YOUR TASK —
The listing below begins with the first line you should copy; stop after the line containing "Start/stop button: The", and drop every picture.
───── DATA BELOW
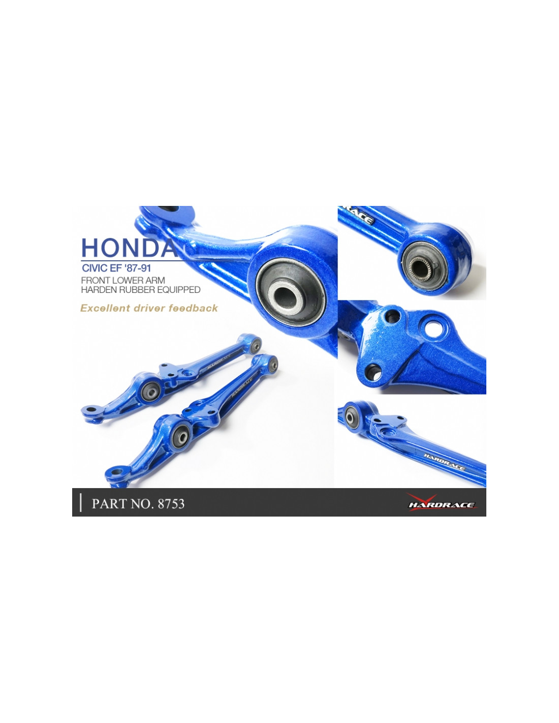 Braccio sospensione Hardrace per Honda Civic. Ideale per migliorare la precisione di guida, la stabilità dell'assetto e la risposta dello sterzo. Caratteristiche dal produttore : - Harden Rubber Equipped. *Not for SIR (EF8/EF9) Use 2 PCS/SET
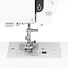 Start/stop button: The start/stop button allows the machine to sew without using the foot pedal. This feature is great for sewing long seams or for quick mending.
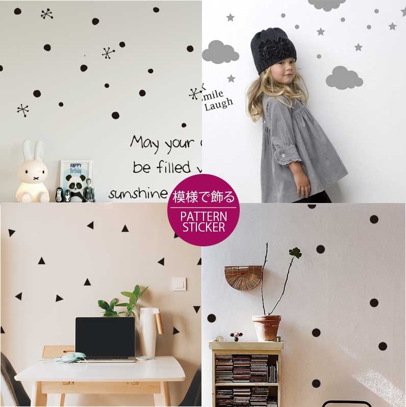 ROOM*PLUS考案のパターン柄のウォールステッカーは北欧っぽい素敵な壁紙が完成する模様のウォールステッカー(インテリアシール/壁シール)。転写式と同じようにカラーシートをカッティングして作ったアイテムなので施工も簡単で仕上がりは抜群!シール感がなくまるでそんな模様だったかのようなおしゃれな雰囲気に!水玉(ドット)、星(スター)、三角、さくらんぼ、お魚などなど。あっという間に外国のお部屋のようなかわいいリフォームができてしまいます。一人でも簡単に貼ってはがせるので気軽に模様替えできるDIYステッカー。一人暮らしからファミリーまで壁を飾って楽しむそれが「パターンステッカー」です。おしゃれで可愛く、大人かわいいまでカバーできる素敵な魅力がいっぱいです。カラフルなキュートな子供部屋にしたり、モノトーンの落ち着いたトイレコーディネートにしたり、小さいお子様に好評の身長計(growup)に合わせて雲やしずくなどで飾ったりアイデアの幅は無限に広がります。また、パーティーなどのイベントの飾り付けもオリジナリティあふれる楽しい空間を作れ、汚れ・傷隠しにも最適です。
──────────
ANSWER —
 Braccio sospensione Hardrace per Honda Civic. Ideale per migliorare la precisione di guida, la stabilità dell'assetto e la risposta dello sterzo. Caratteristiche dal produttore : - Harden Rubber Equipped. *Not for SIR (EF8/EF9) Use 2 PCS/SET
 Start/stop button: The start/stop button allows the machine to sew without using the foot pedal. This feature is great for sewing long seams or for quick mending.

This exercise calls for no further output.